Arsenal’s dressing room will have a familiar look for their new £45million signing Gabriel Jesus. Not only is he joining a squad which now boasts no fewer than four Brazilians, but all come from a 20-mile radius in the country’s biggest city, Sao Paulo.
Jesus himself was raised in Jardim Peri, Gabriel Magalhaes in Pirituba and Gabriel Martinelli in Guarulhos – all from the northern part of the town. Marquinhos, meanwhile, hails from Jardim Colombo, in the city’s sprawling western suburbs.
That Sao Paulo – rather than Islington – has turned into Arsenal’s talent factory should perhaps not be surprising, given the club’s technical director, Edu Gaspar, a key part of this process, is himself a paulista who was also born in Guarulhos.
A concrete jungle widely known for its work-hard-play-hard mentality, Sao Paulo – Brazil’s most populous city at 12 million – is often derided as being ugly, too noisy and fast-paced. It certainly lacks Rio’s beaches, or Salvador’s architecture, but what it lacks in sheen it makes up for in sporting prowess – and especially football.

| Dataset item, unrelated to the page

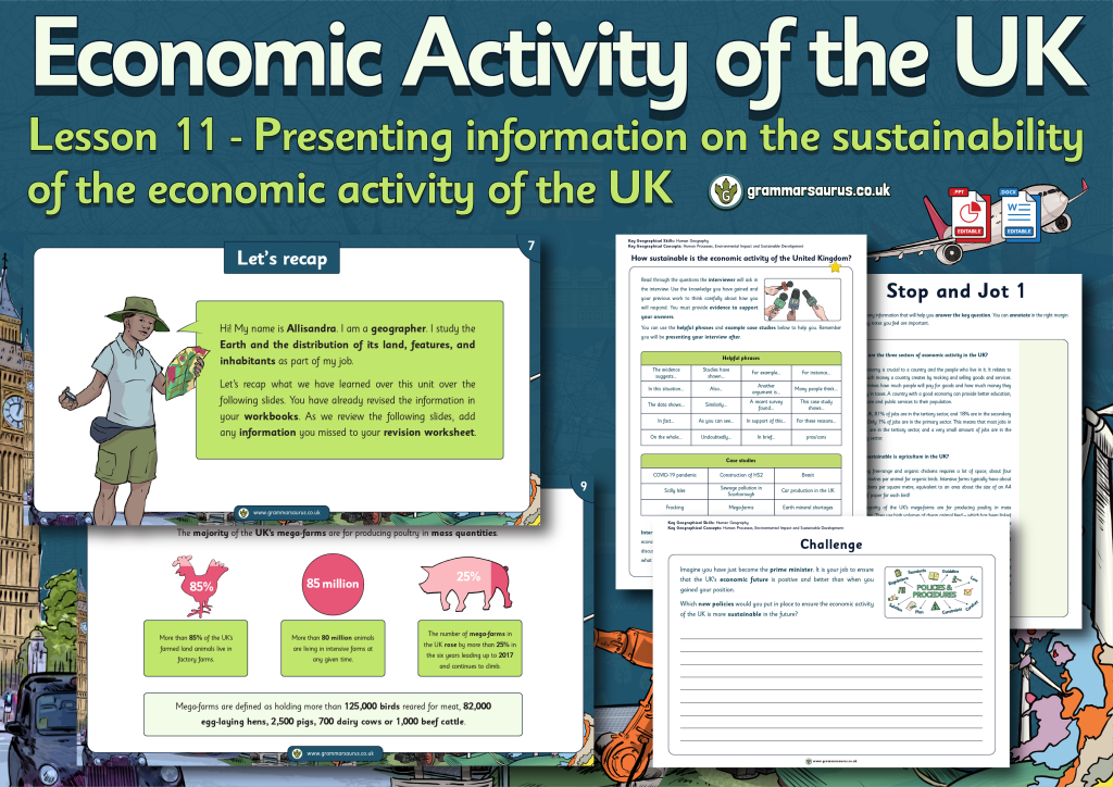 This differentiated geography lesson focuses on presenting data from the study on the sustainability of economic activity in the UK.

Only south London and Paris can compete with Sao Paulo when it comes to producing elite talent, with the likes of Arsene Wenger considering it the world’s most fertile breeding ground. Over his 22-year spell with the club, he signed 11 Brazilian athletes, with seven of them being from Sao Paulo: Sylvinho, Juan, Edu, Julio Baptista, Denilson Pereira, Andre Santos and Gabriel Paulista.
“Players from Rio de Janeiro and Sao Paulo are different. One is a beach area [Rio] and the other is more hard-working. In Sao Paulo, they are fighters. It’s a city of workers,” Wenger observed in 2015.
Under the guidance of Edu, Arsenal are again determined to strengthen these ties. Telegraph Sport understands that they are currently in talks for a formal link-up with Sao Paulo FC after the Marquinhos signing this summer. Among other things, the deal would include a preferential option on youngsters from the Brazilian club.
In Everton Gushiken, the Londoners currently have a long-time scout in Brazil, but strongly considered adding another professional to the country’s operation early in 2020, with Edu leading the search for a name. Amongst those sounded out for the role was the club’s former man Sandro Orlandelli, who ended up moving to Red Bull Bragantino instead.
‘People usually refer to Sao Paulo as the engine of Brazil – that makes sense’
There is no straightforward answer as to how the Sao Paulo region produces so much talent, providing almost a third of the Selecao’s squad in the last World Cup.
“People usually refer to Sao Paulo as the engine of the country and that makes sense when you consider that most of the industries are all in that area. So if you are raised there, you will have the competitiveness factor with you from very early. It’s part of their culture”, Erasmo Damiani, who worked as Brazil team coordinator during the 2016 Olympic gold-medal campaign, told Telegraph Sport. “And that obviously extends to football. Whilst in Rio, you may see a kid taking seven shots on goal instead of 10 to leave early training and go to the beach, in Sao Paulo that doesn’t happen.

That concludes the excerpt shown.